The global warming issue may turn out to be legitimate, or one of a series of scientific missteps and exaggerations we've experienced.  But in a well-reported piece in today's New York Times, Elisabeth Rosenthal reports that hokum and sleight-of-hand are not foreign to the handling of the subject, even for sovereign nations:

OSLO — Last year, as United Nations scientists were warning of the perils of man-made climate change, this small country of fjords and factories reacted with an extraordinary pledge: by 2050 Norway would be “carbon neutral,” generating no net greenhouse gases into the air.

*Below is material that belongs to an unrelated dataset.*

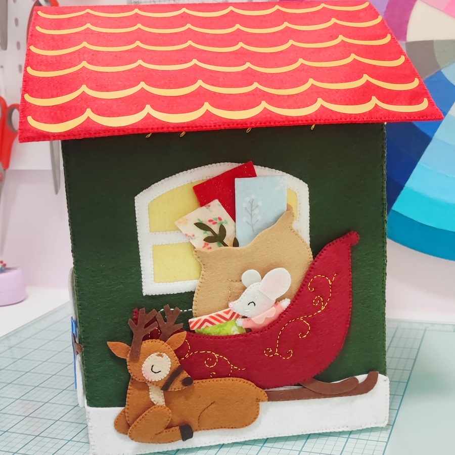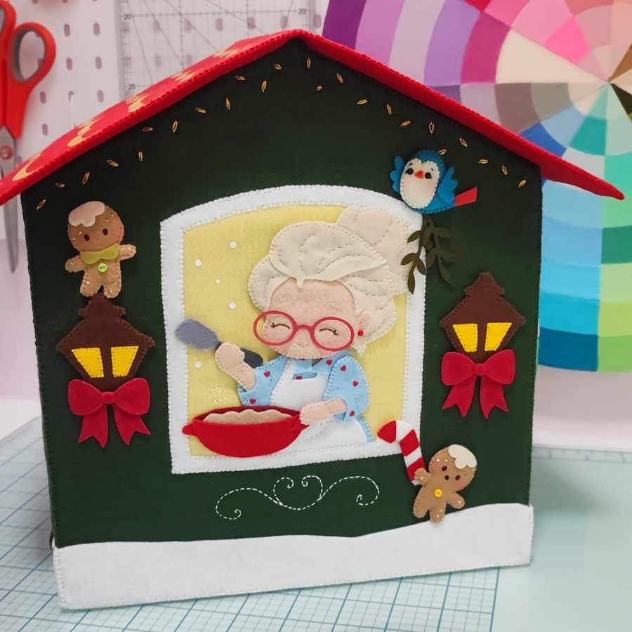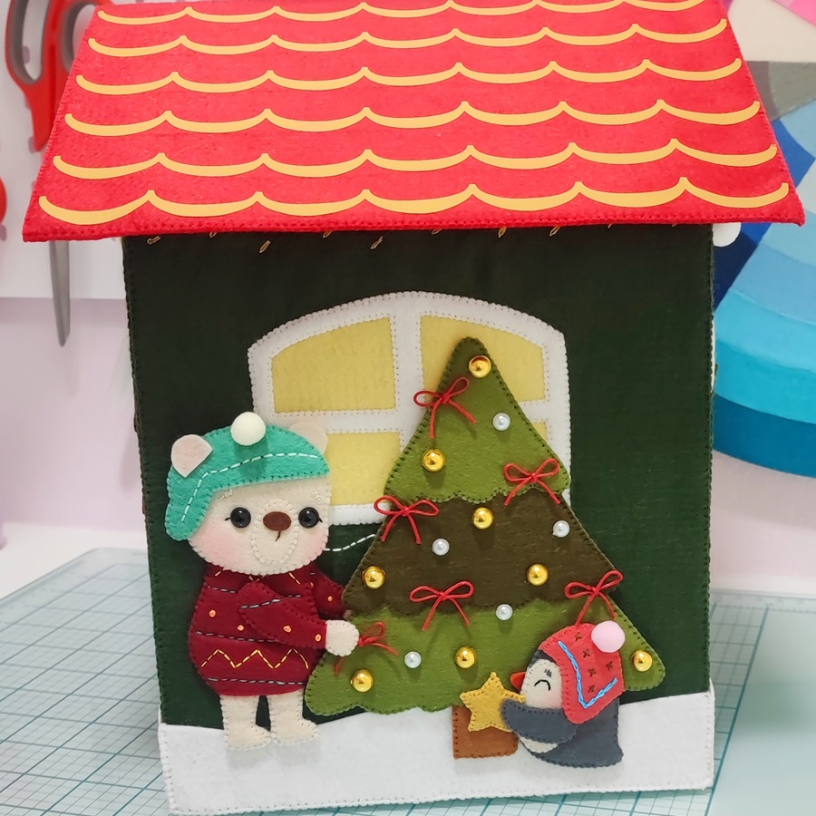 La casita mide 28 x 25 x 19 cm y está decorada completamente por los cuatro lados con personajes y elementos navideños, todos hechos a mano y con técnicas básicas de costura.

Norway’s bold promise raised the bar for other nations, which were mostly still struggling to figure out how to reduce emissions, by even a fraction. Then, in January, the Norwegian government went a step further: Norway would be carbon neutral by 2030, it said.

But as the details of the plan have emerged, environmental groups and politicians — who applaud Norway’s impulse — say the feat relies too heavily on sleight-of-hand accounting and huge donations to environmental projects abroad, rather than meaningful emissions reductions.

That criticism has not only set off anguished soul-searching here, but may also come as a cold slap to the many countries, companies, cities and universities that have lined up to replicate Norway’s example of becoming carbon neutral — with an environmental balance sheet showing that they absorb as much carbon dioxide as they emit.

Calling Al Gore, calling Al Gore.  Were you aware of this inconvenient truth?

Read the whole piece.  Very enlightening.  The righteous-sounding aren't always righteous. 

And, righteous or not, I'll be back later.